Cuarto.-Procede imponer al apelante las costas de esta instancia.
Vistos los artículos de pertinente y general aplicación,
Fallo
Que, desestimando el recurso interpuestopor la representación procesal de don Borja contra la sentencia dictada en el Procedimiento Abreviado seguido ante el juzgado Penal núm.
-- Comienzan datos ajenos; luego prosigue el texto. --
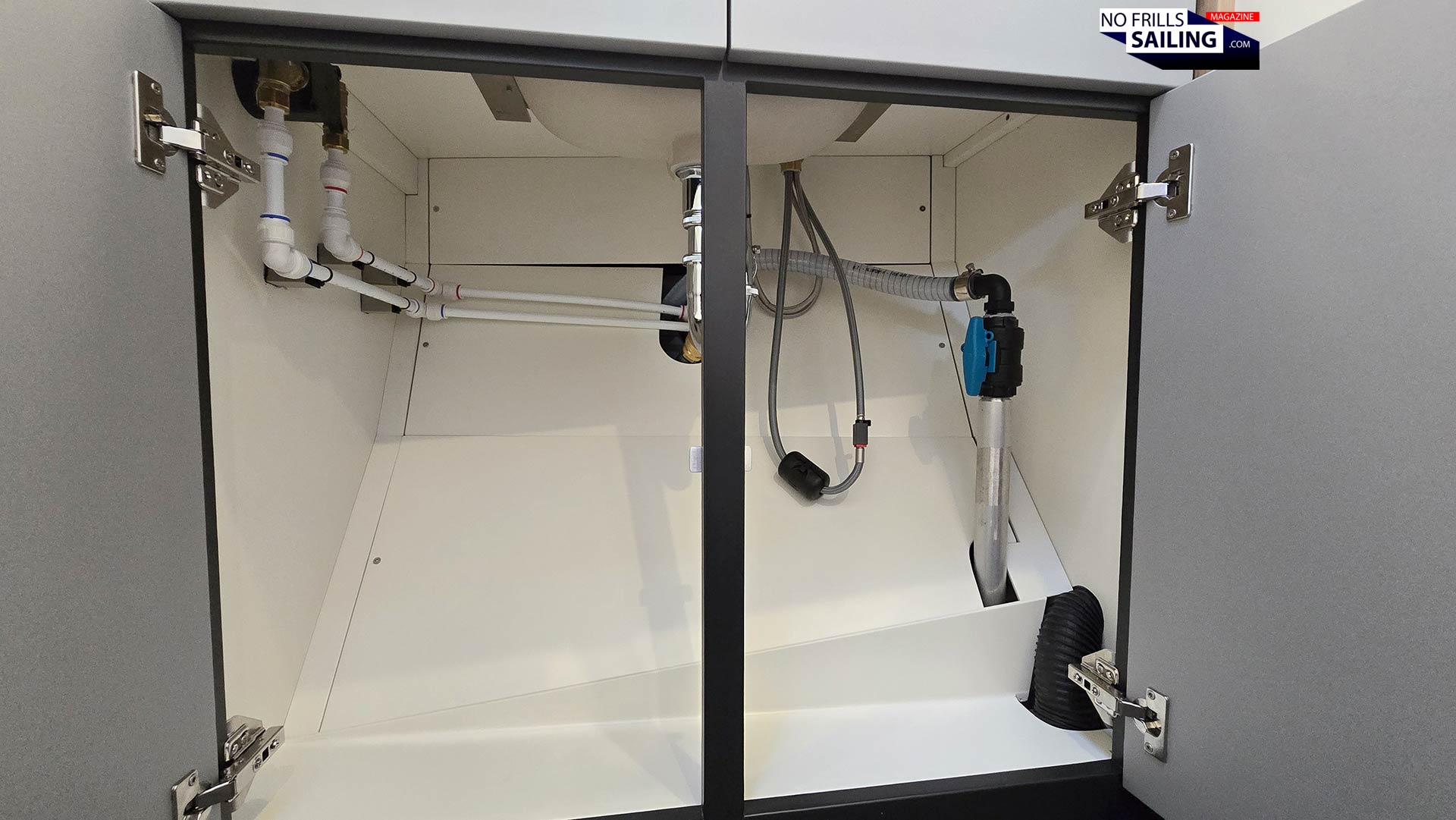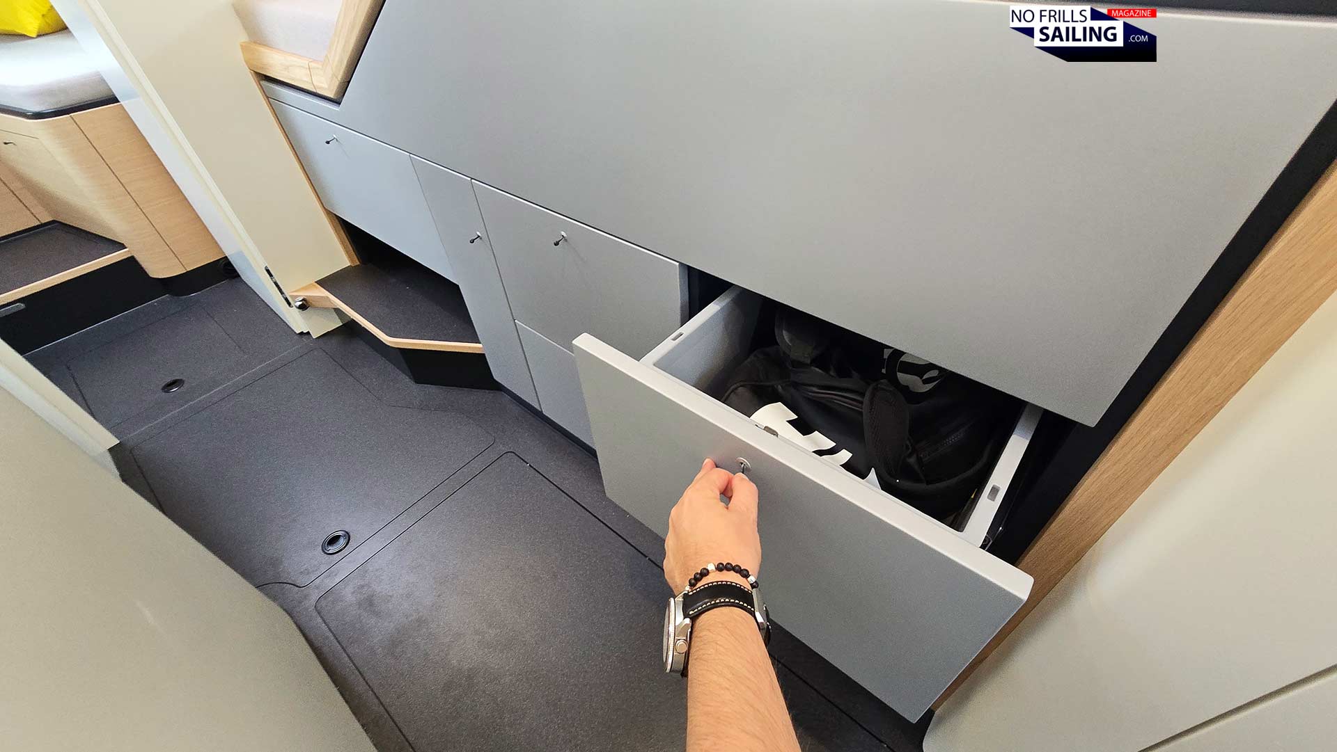 Talking about stowage, a common misconception when looking at these type of yachts is the notion of aft cabins. Neither the Pure 42 nor her bigger sisters do have those. All cabins are located forward of the cockpit, behind the deck salon and underneath the cockpit deck there´s just the engine compartment (of which I am shocked forgot to take a picture, but will deliver later) and … stowage. That´s a huge pro because this way everything that is potentially stinking, oily, blackwatery or fuming is kept out of the living compartment of the yacht. The boat has a collision bulkhead in the front, everything is well insulated so that down here the Diesel engine is just but a faint humming.

Dos de Valladolid bajo el núm. 263/12, debemos confirmar y confirmamos dicha resolución, imponiendo al expresado apelante las costas de esta instancia.
Notifíquese la presente Resolución a las partes, haciéndoles saber que es firme y contra la misma no cabe interponer recurso ordinario alguno.
Remítase testimonio de la presente al Juzgado de procedencia, junto con los autos, para su cumplimiento, y una vez se reciba su acuse archívese el presente, previa nota en los libros.
Así por esta nuestra sentencia, lo pronunciamos, mandamos y firmamos.